Work order: Restate all data exactly. No images.

Data segment:
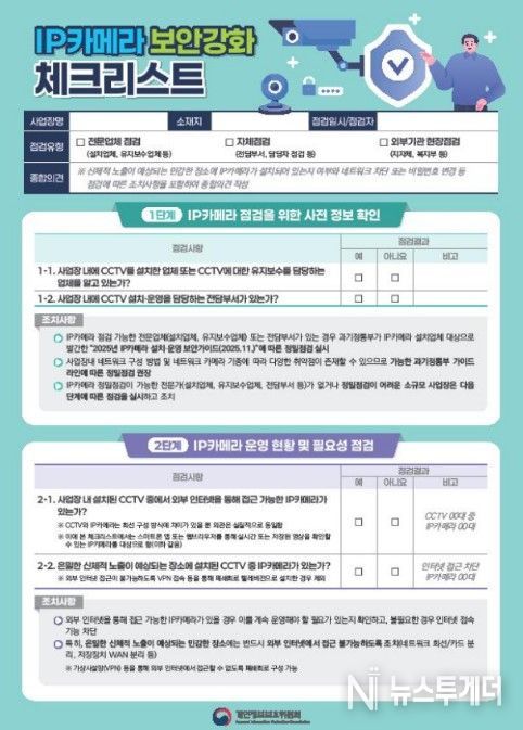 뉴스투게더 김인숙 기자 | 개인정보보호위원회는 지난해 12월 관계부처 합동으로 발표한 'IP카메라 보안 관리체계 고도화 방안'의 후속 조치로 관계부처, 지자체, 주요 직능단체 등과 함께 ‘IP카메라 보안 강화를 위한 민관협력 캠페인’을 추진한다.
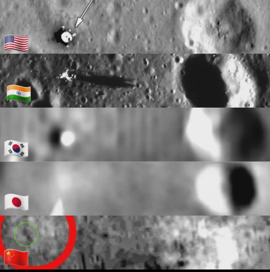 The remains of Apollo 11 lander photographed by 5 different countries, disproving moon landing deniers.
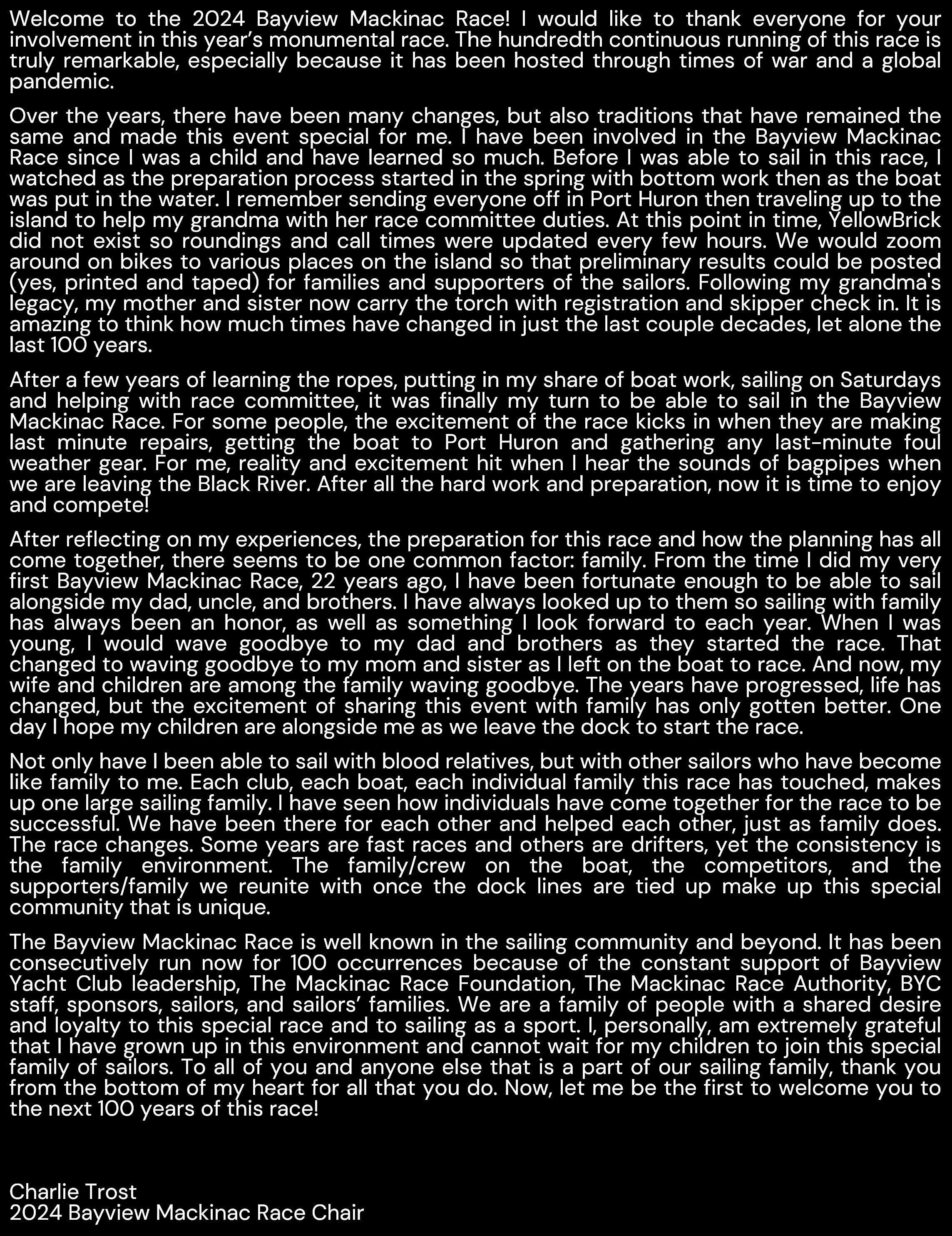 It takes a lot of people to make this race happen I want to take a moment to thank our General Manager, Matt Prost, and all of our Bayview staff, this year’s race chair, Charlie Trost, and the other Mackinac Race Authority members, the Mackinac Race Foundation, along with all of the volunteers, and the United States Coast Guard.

Task solution:
 뉴스투게더 김인숙 기자 | 개인정보보호위원회는 지난해 12월 관계부처 합동으로 발표한 'IP카메라 보안 관리체계 고도화 방안'의 후속 조치로 관계부처, 지자체, 주요 직능단체 등과 함께 ‘IP카메라 보안 강화를 위한 민관협력 캠페인’을 추진한다.
 The remains of Apollo 11 lander photographed by 5 different countries, disproving moon landing deniers.
 It takes a lot of people to make this race happen I want to take a moment to thank our General Manager, Matt Prost, and all of our Bayview staff, this year’s race chair, Charlie Trost, and the other Mackinac Race Authority members, the Mackinac Race Foundation, along with all of the volunteers, and the United States Coast Guard.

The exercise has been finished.